I did cut the surface area off the ends since they were thinner and I guessed they were probably saturated with the nasty oils. I used my meat slicer and threw out the ends which saved a lot of waste. I trimmed most off of the odds and ends and packed them as cooking bacon.

I sliced off 4 strips and trimmed the long ends to have pure inner meat and left the other two with just the long sides surface in tact as a test.

Fried them up and couldn't taste any difference between the four. Pfhew... I was so mad I almost wasted $70 in meat and all of that time..


----------



## tasunkawitko (Dec 2, 2012)

glad it worked out for you, dunk!


----------



## chowderpants (Dec 3, 2012)

more information for me to store in the back of my mind just in case the need arises.

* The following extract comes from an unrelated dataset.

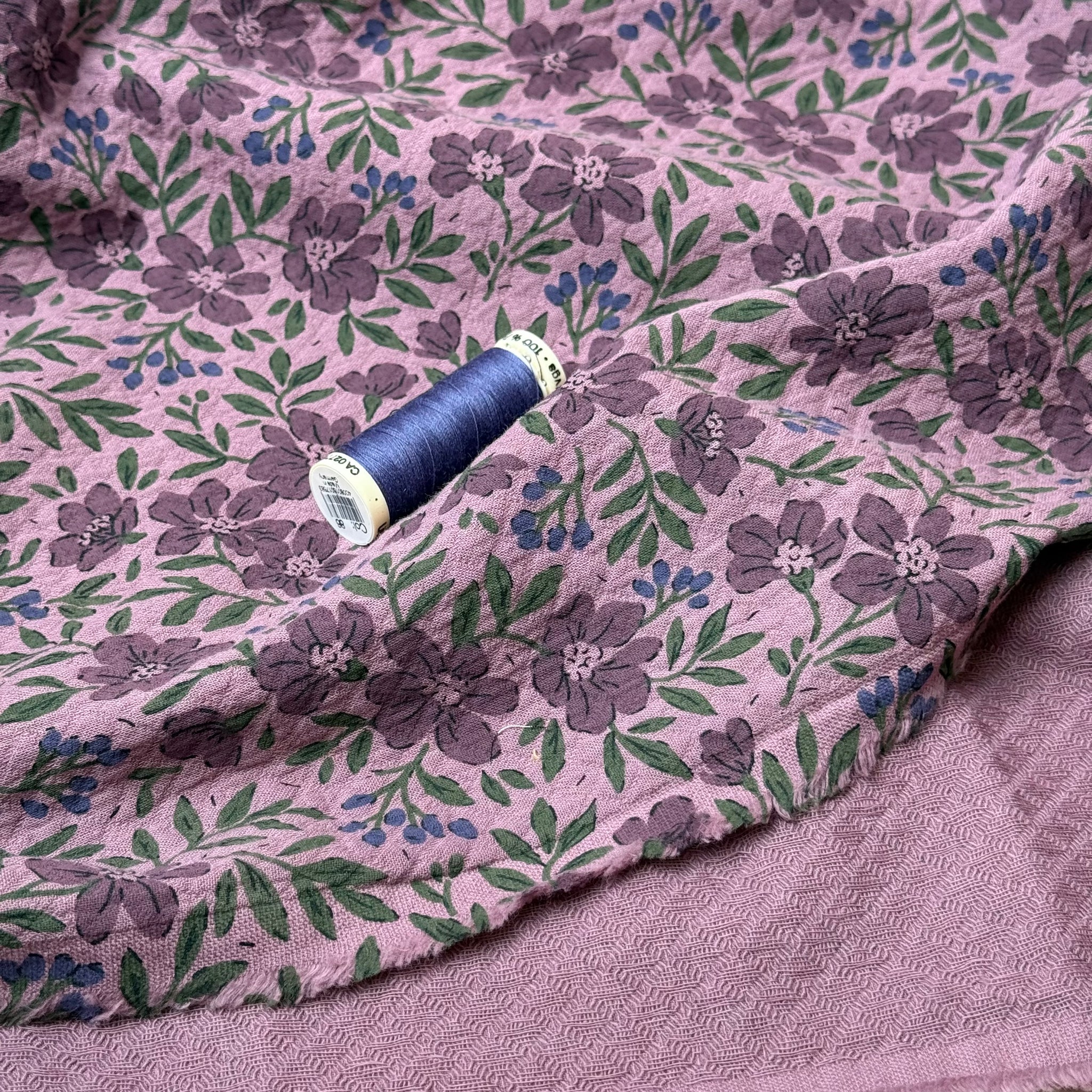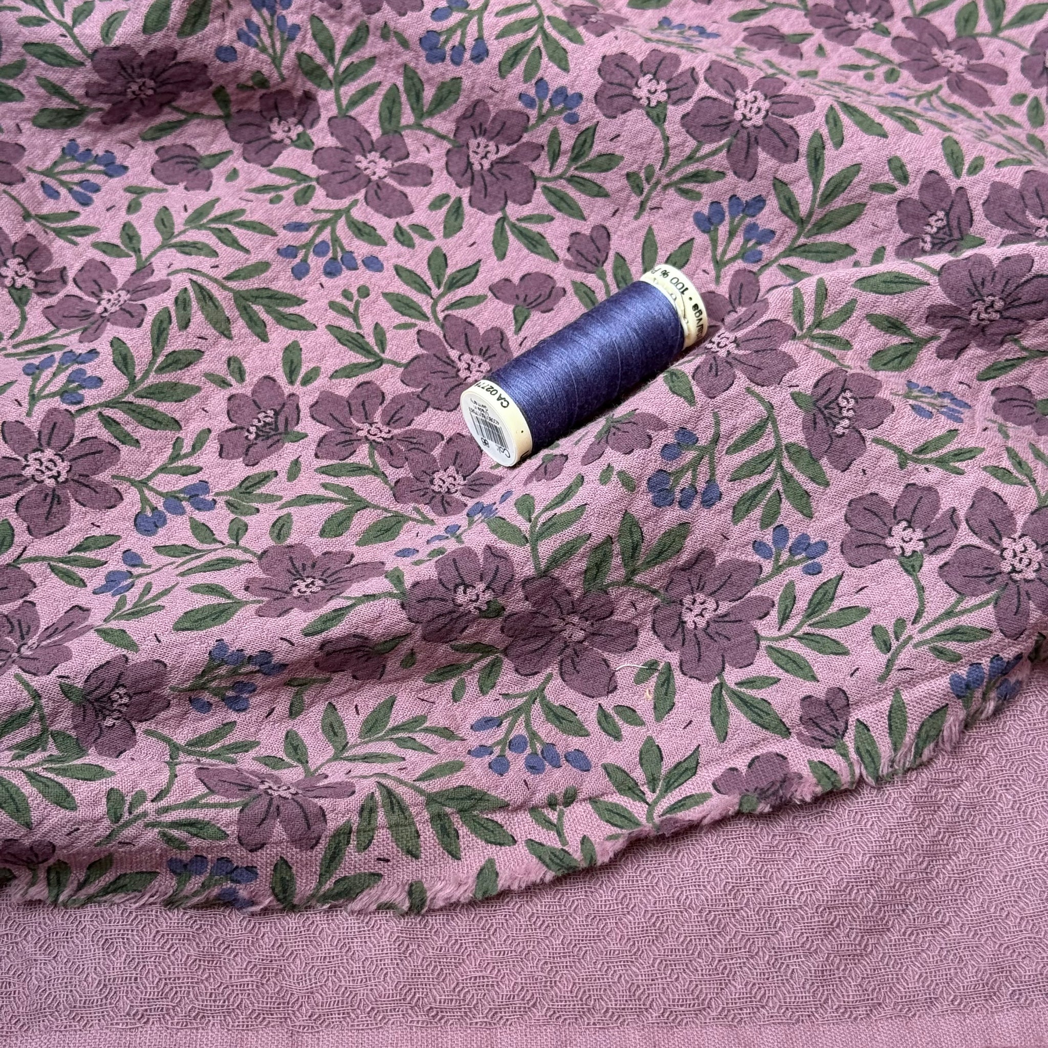 Unique and stunning pure cotton jacquard fabric with small diamond shapes woven into it. The special diamond jacquard weave gives this fabric a lovely structure, ideal for making summer jackets, tops, trousers, shorts and dresses. The fabric is yarn dyed in mauve colour and features flowers in dark mauve and purple printed on it.

Whats really interesting to me though, is Todd making a smoke generator......  Is this what got the gears turning?


----------



## onytay (Dec 10, 2012)

chowderpants said:


> more information for me to store in the back of my mind just in case the need arises.
> 
> Whats really interesting to me though, is Todd making a smoke generator......  Is this what got the gears turning?


I bet this is one of the reasons the gears started turning for a better product. It is nice to know that Todd wasn't born a master smoke maker, and had to figure it out like the rest of us! On the plus side we all get to enjoy NO CREOSOTE thanks to Todd"s miss fortunes. Thanks Todd for messing up your Bacon and creating a better way to produce smoke!


----------